## INPUT DATA
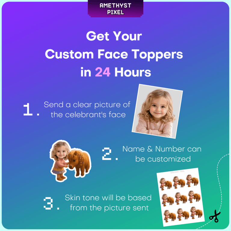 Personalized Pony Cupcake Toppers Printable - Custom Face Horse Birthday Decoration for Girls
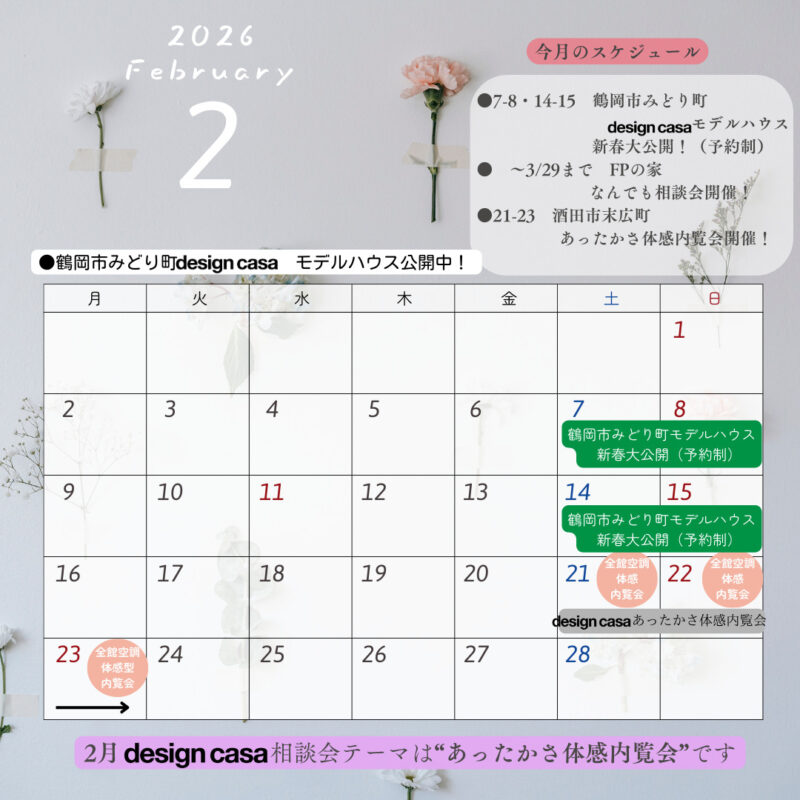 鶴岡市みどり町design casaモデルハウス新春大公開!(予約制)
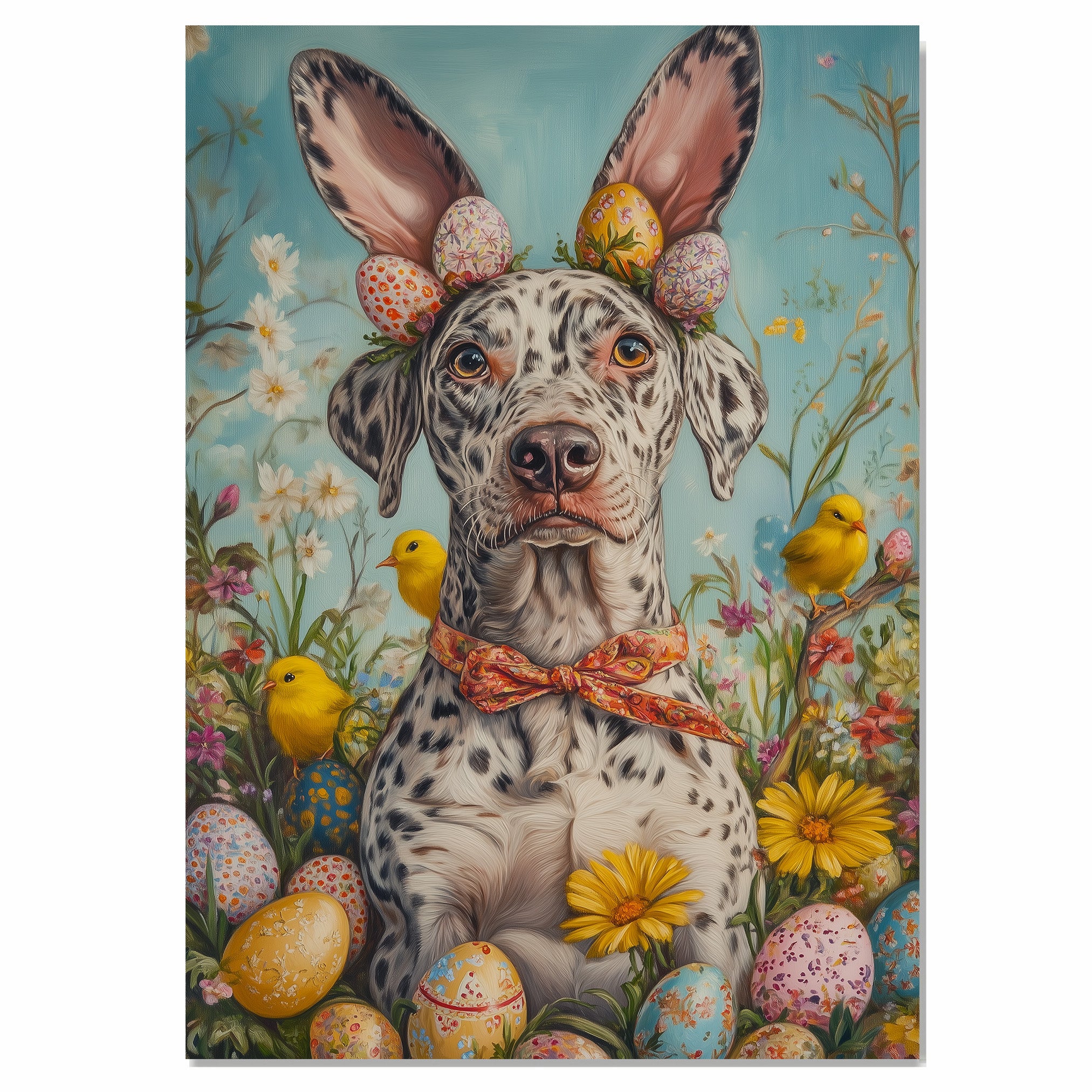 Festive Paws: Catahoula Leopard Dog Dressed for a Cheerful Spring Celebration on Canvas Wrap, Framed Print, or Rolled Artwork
==
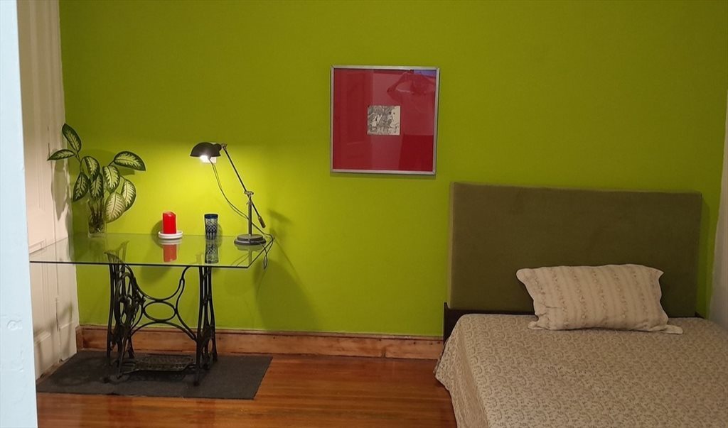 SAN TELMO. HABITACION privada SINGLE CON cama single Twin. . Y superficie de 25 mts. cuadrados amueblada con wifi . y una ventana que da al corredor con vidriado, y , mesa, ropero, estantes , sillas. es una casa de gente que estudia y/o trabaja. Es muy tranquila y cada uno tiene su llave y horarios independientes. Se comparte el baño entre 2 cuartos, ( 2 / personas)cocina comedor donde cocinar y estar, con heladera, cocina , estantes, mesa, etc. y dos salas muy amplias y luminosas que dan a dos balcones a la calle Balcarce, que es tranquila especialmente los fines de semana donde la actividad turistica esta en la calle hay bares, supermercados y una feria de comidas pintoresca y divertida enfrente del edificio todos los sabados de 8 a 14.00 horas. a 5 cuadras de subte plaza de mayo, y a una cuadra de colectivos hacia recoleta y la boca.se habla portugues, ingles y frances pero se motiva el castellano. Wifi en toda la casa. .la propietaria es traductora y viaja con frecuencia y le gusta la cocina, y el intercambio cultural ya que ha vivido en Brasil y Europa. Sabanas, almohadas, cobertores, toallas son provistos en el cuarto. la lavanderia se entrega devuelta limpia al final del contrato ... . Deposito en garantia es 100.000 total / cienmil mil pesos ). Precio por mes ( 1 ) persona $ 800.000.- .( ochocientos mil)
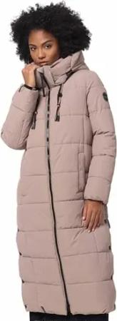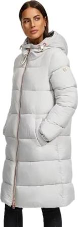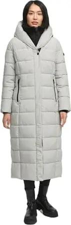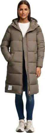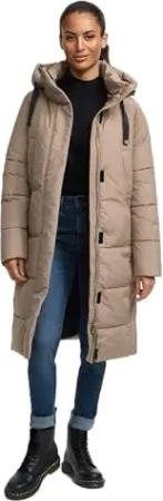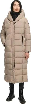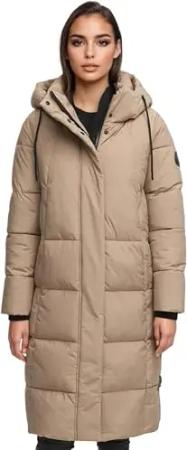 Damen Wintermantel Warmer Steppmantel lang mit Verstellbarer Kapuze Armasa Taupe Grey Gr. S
---
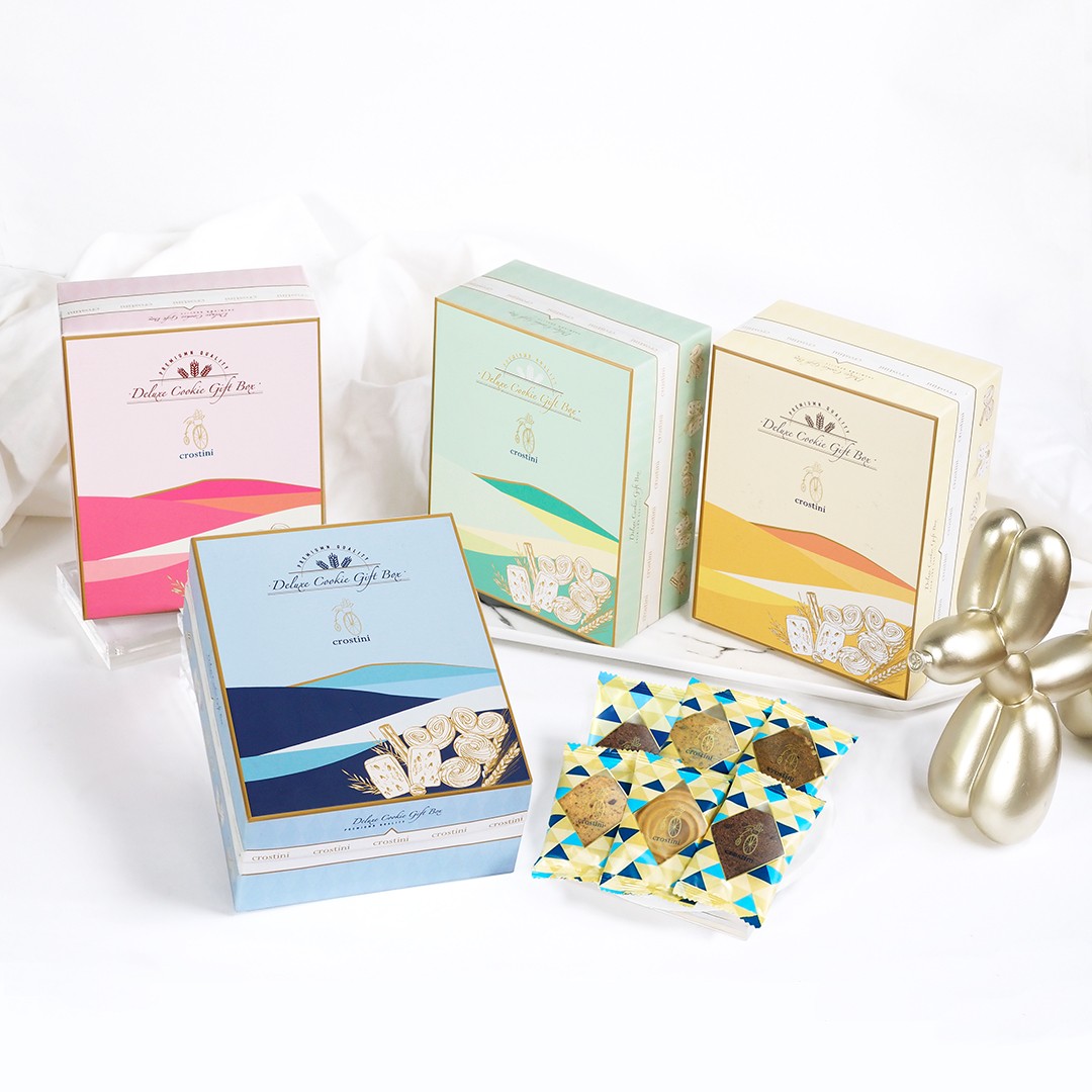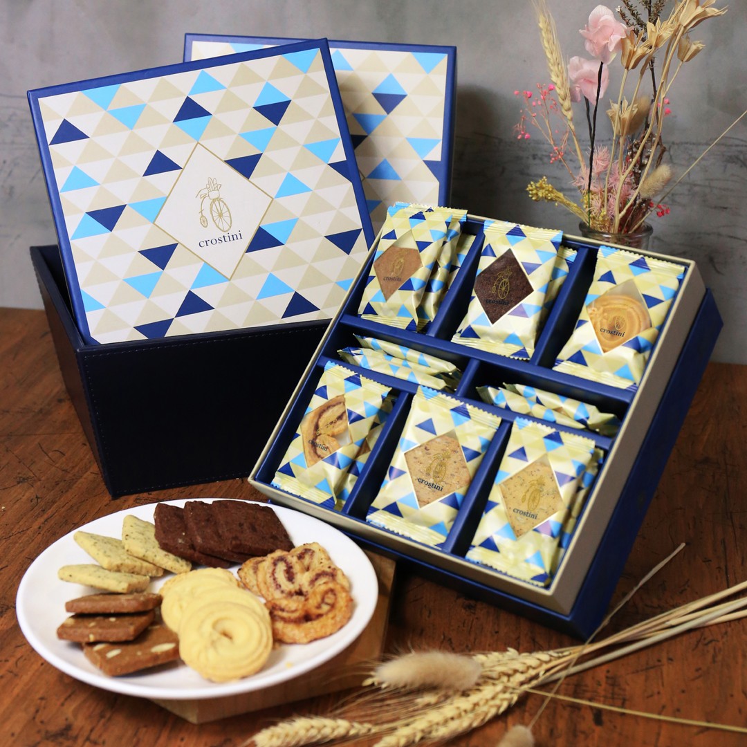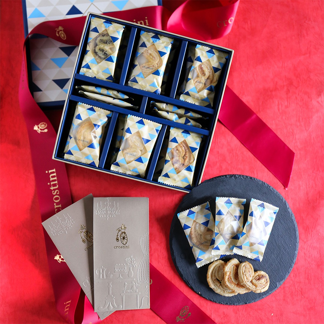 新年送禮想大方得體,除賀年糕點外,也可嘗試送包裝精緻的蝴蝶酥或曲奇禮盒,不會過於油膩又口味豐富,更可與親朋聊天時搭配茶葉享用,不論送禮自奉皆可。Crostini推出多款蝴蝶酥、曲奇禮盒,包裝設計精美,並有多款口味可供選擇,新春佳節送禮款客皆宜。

## AIM OF THE EXERCISE
For this task, return exactly the stretch of the listing above from the line with "Personalized Pony Cupcake" through the line with "Festive Paws: Catahoula", inclusive and without pictures.

## FINISHED EXERCISE
 Personalized Pony Cupcake Toppers Printable - Custom Face Horse Birthday Decoration for Girls
 鶴岡市みどり町design casaモデルハウス新春大公開!(予約制)
 Festive Paws: Catahoula Leopard Dog Dressed for a Cheerful Spring Celebration on Canvas Wrap, Framed Print, or Rolled Artwork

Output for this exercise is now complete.